It is safe to assume that these protests have finally managed to breakthrough the ethno-nationalist fragmentation of the Bosnian-Herzegovinian society. Of course the partisan media (which is almost all the media in the country) are trying to spin the stories on the protests, on one side in the Federation of Bosnia and Herzegovina, by invoking sentiments of the war in the 1990s, saying that the protesters “resembled the agressors” the current elites “were” fighting during the war. On the other side, in the Serb Republic, the media considers these protests as a conspiracy against the Serbs. But by the uprising we are witnessing, and which is growing day after day, people are simply not buying into these stories. Evidence for this are the plenums, which are growing day by day, for example in Tuzla it started with some 30 people, by last Friday, the number grew to 700, and they managed to achieve a victory in successfully pressing the government to abolish the “white-bread” payment (this is a severance package given to delegates after they finish their term, which consists in a year's worth of sallaries), and in this way managing to save over 1.5 million KM (which amounts to about 130 pension payments).  We now are witnessing solidarity protests going on all over Bosnia and Herzegovina, in cities like Bihać, Sarajevo, Mostar, Travnik, even Trebinje (which is in the Serb Republic), but we also see solidarity protests taking place in Serbia, Croatia, Montenegro and the other former Yugoslav republics. People are identifying with the protesters here, and defining their goals under the same framework, as well as identifying the culprits, i.e. the political elites for their predicament.

In any case, what you think is the reason of this (may it apparent or real) step forward?

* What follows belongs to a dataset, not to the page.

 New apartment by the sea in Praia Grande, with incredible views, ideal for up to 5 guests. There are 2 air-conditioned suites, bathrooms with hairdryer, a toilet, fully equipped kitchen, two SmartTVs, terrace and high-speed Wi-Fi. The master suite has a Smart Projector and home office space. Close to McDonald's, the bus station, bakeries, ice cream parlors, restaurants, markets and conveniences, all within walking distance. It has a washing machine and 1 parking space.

Is it correct to say that political economy's deepening contradictions are finally crushing culturalist dispositives of division and control - such as ethnonationalism and/or religion are - of the population?

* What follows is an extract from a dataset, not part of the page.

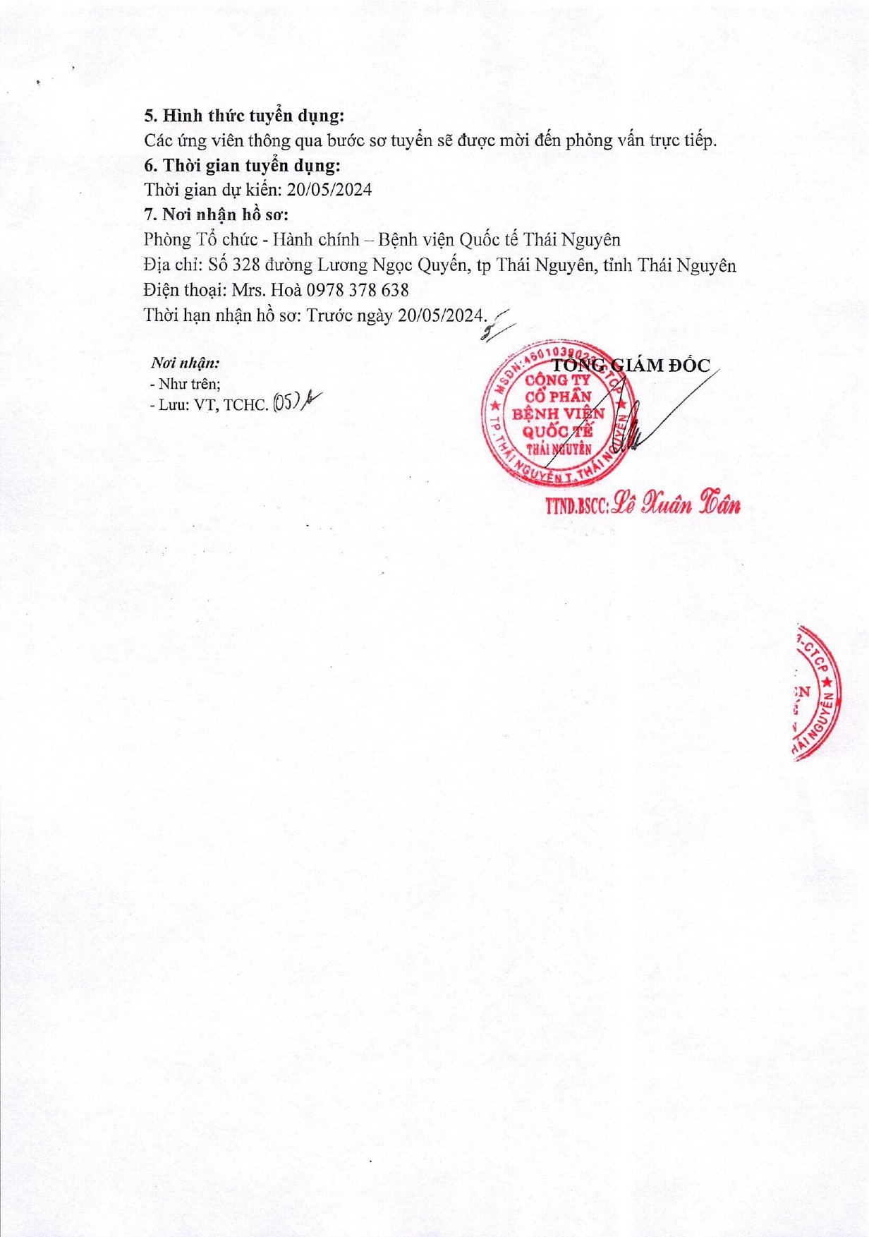 Thai Nguyen International Hospital Joint Stock Company announces recruitment as follows:

It for sure is a step forward for this society, as people are finally waking up from the dream of the transition, and I say dream here referring to the late comedian George Carlin who says something similar about the “American Dream”, that, and I cite “You have to be asleep to believe it”. Obviously, after the wars people were promised a prosperous life in a democratic society, free to exercise their right to national self-determination, and for over two decades people have been deceived by this, and were given something completely opposite, they were constantly being told that they are always under threat, and that they were always alone in whatever they did. But ever since the protests started people are starting to rediscover the long lost solidarity among them, but not only this, through the plenums, people are finally reclaiming the language that was taken away from them, with which they now can articulate their anger and their discontent, and give voice to their concerns, for being robbed for over two decades. The plenums are a place without restriction, where people care less and less about nationality, ethnicity or religion, but start caring for each other, and start working towards a better tomorrow for all of us.

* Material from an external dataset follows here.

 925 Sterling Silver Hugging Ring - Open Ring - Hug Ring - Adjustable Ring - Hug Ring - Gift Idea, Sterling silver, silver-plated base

From an external perspective, we seem to understand that the two main issues/instances arising from the revolts are: socio-economic injustice and corruption. Can you confirm it? Do you also interpret, as we do, the population's claims to eliminate, or at least to reduce, the privileges of politicians as a form of rebellion/counter-attack to the evident (and quite provoking) overlapping of these two dynamics – socio-economic injustice and corruption – during this contemporary phase of permanent crisis and severe material hardship?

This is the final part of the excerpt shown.